WHAT IS NEEDED - Although the records contain pictures, none belong in the copy: restate word for word only the lines from the one with "Puluhan anggota Paguyuban" through the one with "El abogado Carlos", both included.

Items from a dataset:
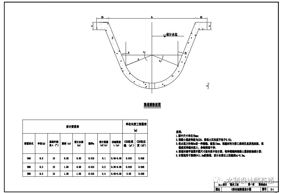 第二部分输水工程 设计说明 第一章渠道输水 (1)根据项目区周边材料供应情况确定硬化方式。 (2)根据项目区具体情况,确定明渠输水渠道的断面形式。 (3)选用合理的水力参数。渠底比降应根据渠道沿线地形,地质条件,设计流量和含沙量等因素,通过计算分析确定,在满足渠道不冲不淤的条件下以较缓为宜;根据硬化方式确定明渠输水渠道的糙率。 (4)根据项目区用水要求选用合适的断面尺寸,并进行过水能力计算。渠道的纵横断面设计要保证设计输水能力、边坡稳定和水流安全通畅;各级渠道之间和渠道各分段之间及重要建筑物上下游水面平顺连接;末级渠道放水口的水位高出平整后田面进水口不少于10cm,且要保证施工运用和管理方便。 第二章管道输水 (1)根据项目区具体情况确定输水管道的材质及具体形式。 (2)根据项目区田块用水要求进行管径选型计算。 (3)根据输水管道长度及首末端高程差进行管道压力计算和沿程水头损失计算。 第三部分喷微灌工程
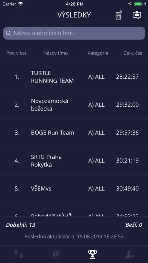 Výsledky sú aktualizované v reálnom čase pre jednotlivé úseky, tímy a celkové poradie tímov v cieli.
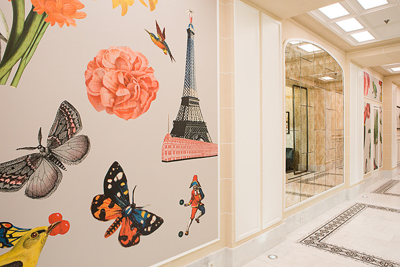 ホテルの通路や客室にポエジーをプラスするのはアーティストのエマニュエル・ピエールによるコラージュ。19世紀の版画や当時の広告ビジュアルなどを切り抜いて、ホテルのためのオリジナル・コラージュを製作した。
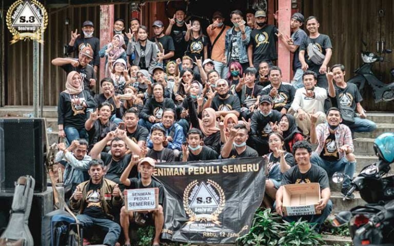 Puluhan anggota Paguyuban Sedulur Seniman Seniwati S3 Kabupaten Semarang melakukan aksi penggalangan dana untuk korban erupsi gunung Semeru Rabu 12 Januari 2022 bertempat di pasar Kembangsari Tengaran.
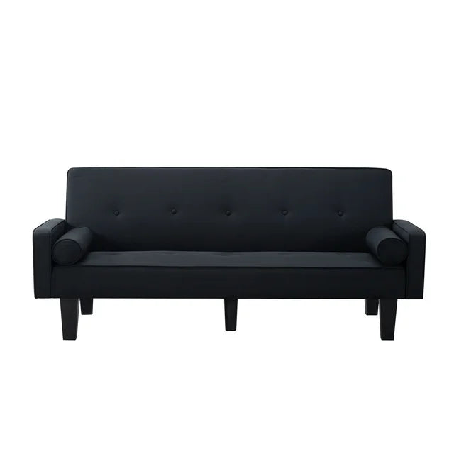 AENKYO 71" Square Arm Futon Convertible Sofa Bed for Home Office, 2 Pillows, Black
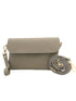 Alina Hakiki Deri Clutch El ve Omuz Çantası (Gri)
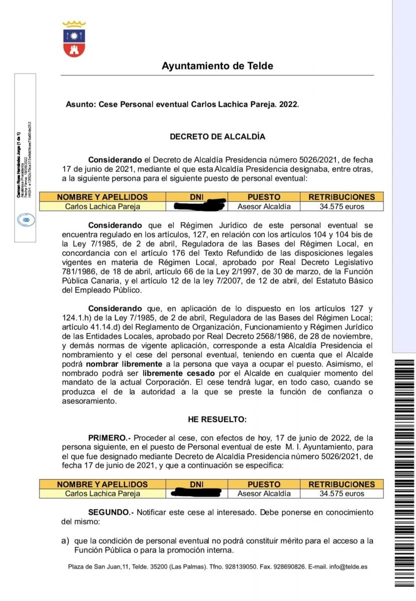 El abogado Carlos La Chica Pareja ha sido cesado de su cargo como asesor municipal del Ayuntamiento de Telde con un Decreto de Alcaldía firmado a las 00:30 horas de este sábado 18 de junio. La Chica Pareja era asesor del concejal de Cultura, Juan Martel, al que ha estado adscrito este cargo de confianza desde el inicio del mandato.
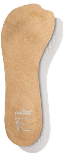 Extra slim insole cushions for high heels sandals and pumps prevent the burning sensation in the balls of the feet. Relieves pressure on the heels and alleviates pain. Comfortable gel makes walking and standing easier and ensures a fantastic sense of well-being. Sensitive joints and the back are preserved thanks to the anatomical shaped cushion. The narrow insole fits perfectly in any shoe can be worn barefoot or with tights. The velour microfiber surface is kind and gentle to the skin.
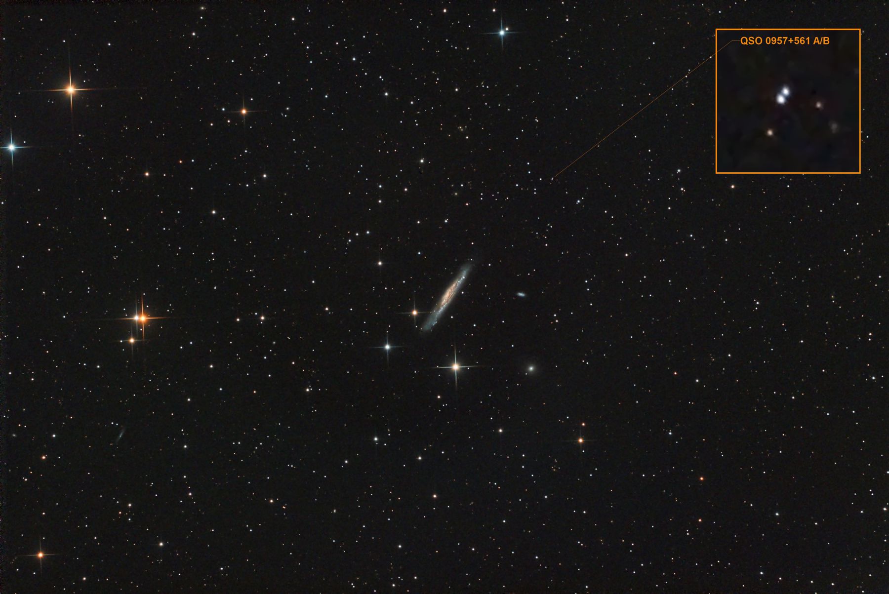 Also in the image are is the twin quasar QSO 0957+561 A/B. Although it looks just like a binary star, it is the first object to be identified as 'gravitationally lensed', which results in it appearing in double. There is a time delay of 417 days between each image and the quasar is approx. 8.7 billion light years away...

TASK ANSWER -
 Puluhan anggota Paguyuban Sedulur Seniman Seniwati S3 Kabupaten Semarang melakukan aksi penggalangan dana untuk korban erupsi gunung Semeru Rabu 12 Januari 2022 bertempat di pasar Kembangsari Tengaran.
 AENKYO 71" Square Arm Futon Convertible Sofa Bed for Home Office, 2 Pillows, Black
 Alina Hakiki Deri Clutch El ve Omuz Çantası (Gri)
 El abogado Carlos La Chica Pareja ha sido cesado de su cargo como asesor municipal del Ayuntamiento de Telde con un Decreto de Alcaldía firmado a las 00:30 horas de este sábado 18 de junio. La Chica Pareja era asesor del concejal de Cultura, Juan Martel, al que ha estado adscrito este cargo de confianza desde el inicio del mandato.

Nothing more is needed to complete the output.